Juan Esteban Avendano - Associate
All right. Last -- and lastly, if I may, can you give
us an update on the percentage of patients that you're
recruiting within your integrated site network in the
quarter?
Steven A. Cutler - CEO & Director
Yes, it was -- we certainly increased that on a year-
on-year basis. It's up around 30% from last year. So
we're happy to see the input. It did come down a little
bit in terms of the proportion of patients recruited,
that was partly because there were more -- fewer
vaccine studies in this quarter. So it came down a
little bit to closer to around 20%, 25% but only on a
year-to-year basis, it's gone up.

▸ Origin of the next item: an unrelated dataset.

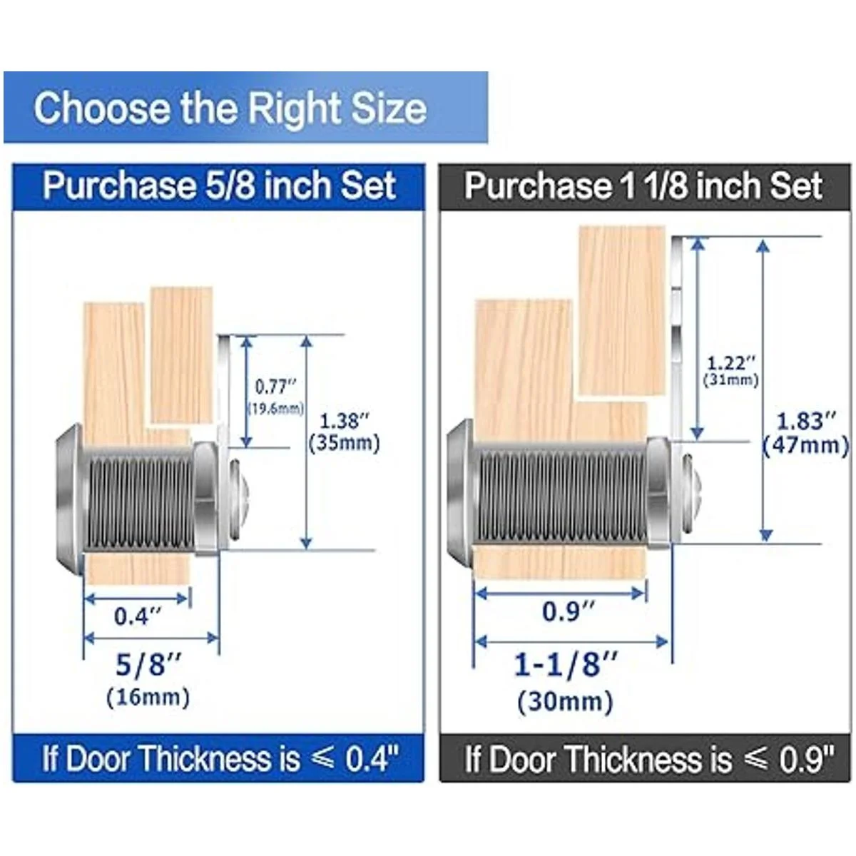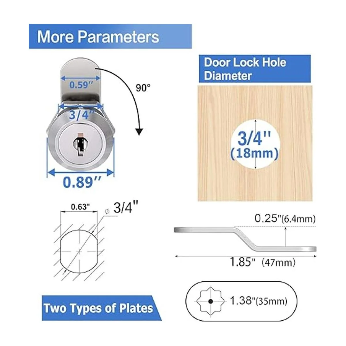 : comprueba los tamaños para asegurarte de elegir el bloqueo de leva correcto. La longitud del cuerpo de la cerradura principal es de 0.630 in, se adapta a paneles de puerta de menos de 0.394 in de grosor, y el diámetro del agujero de montaje es de 0.728 in. La longitud de dos placas una compensación y una recta es de 1.850 in y 1.378 in, ver diagrama para una imagen más detallada. El juego de 12 paquetes de cerraduras con llave incluye 12 paquetes de cerraduras de 0.630 in, 24 placas de bloqueo y 24 llaves.

So we're continuing
to see traction in that and I think with Symphony
coming on board, we'll get more traction around that
because of the -- of these guys, our Symphony folks
will be helping to support and helping to expand that
integrated SMO network. So I'm really pleased to see
those 3 companies, essentially 3 acquisitions come
together with our site and patient recruitment group to
really solidify that offering and really make that key
part of what we do.
Operator
And your next question
comes from the line of Dan Brennan.
Daniel Gregory Brennan - Senior Equity Research Analyst of Healthcare Life Sciences
Great. I wanted to start off with strategic alliances.
I think it was mentioned during the prepared remarks,
you see some new opportunities. Maybe could you just
elaborate a bit outside of your top client, how much of
your business today is made up of what you would
consider to be strategic alliances? And any light of
sight -- or excuse me, any line of sight on these new
opportunities which you mentioned?
Steven A. Cutler - CEO & Director
Sure. we're not going to -- I mean we're not going to
comment on specific negotiations, Dan, that we're
having at the moment. But I've been delighted with the
opportunity that things like the MeDiNova acquisition
have allowed us or got us into some discussions with
some large pharma potential strategic alliance customer
on the lab front. So we continue to have those
discussions and were ongoing. And as we all know, these
things take some time to come to fruition and certainly
take some time before revenue starts to flow, and wins
start to open. So we're still in the discussion,
negotiation phase, but we have a good reason to believe
that we are very well-positioned on the lab front.
Our Functional Services group, we're also in discussion
with a couple of large, very large providers of the
larger alliance partners, one of which would be a very
much a new customer to us. So we are very optimistic
about that. But again, I don't want to get too far
ahead of us on that front. And then the ICR, our Phase
II, Phase III business has also been able to make some
progress in that area and again I think we see some
opportunity there.
So these strategic alliances, I would say, make up
around about 1/4 of the revenues that we do in that
sort of vicinity. I'd like it to be a little higher
than that. We certainly see some opportunity to be --
for that to be a bit higher going forward. It might be
up to 30% I think as we go forward. It's not a figure
I'm actually holding my head. And so I'm sort of
thinking a little bit off the top of my head. But I
think it's around about a 30%, 25% to 30% mark, maybe
1/3. And we see some opportunity I think to move that
upwards, and that's certainly what we are looking to do
as we go forward.
Daniel Gregory Brennan - Senior Equity Research Analyst of Healthcare Life Sciences
I wanted to ask a second question on kind of your
customer breakdown and understanding that customers
move in and out of the buckets that you kind of define
when you release. But nonetheless, I think, clients
numbers 2 through 5. I think those were growing nearly
30% the last 2 years and year-to-date I think, they are
up low single digits. So anything specific to call out
there? I know you're not going to mention the customer.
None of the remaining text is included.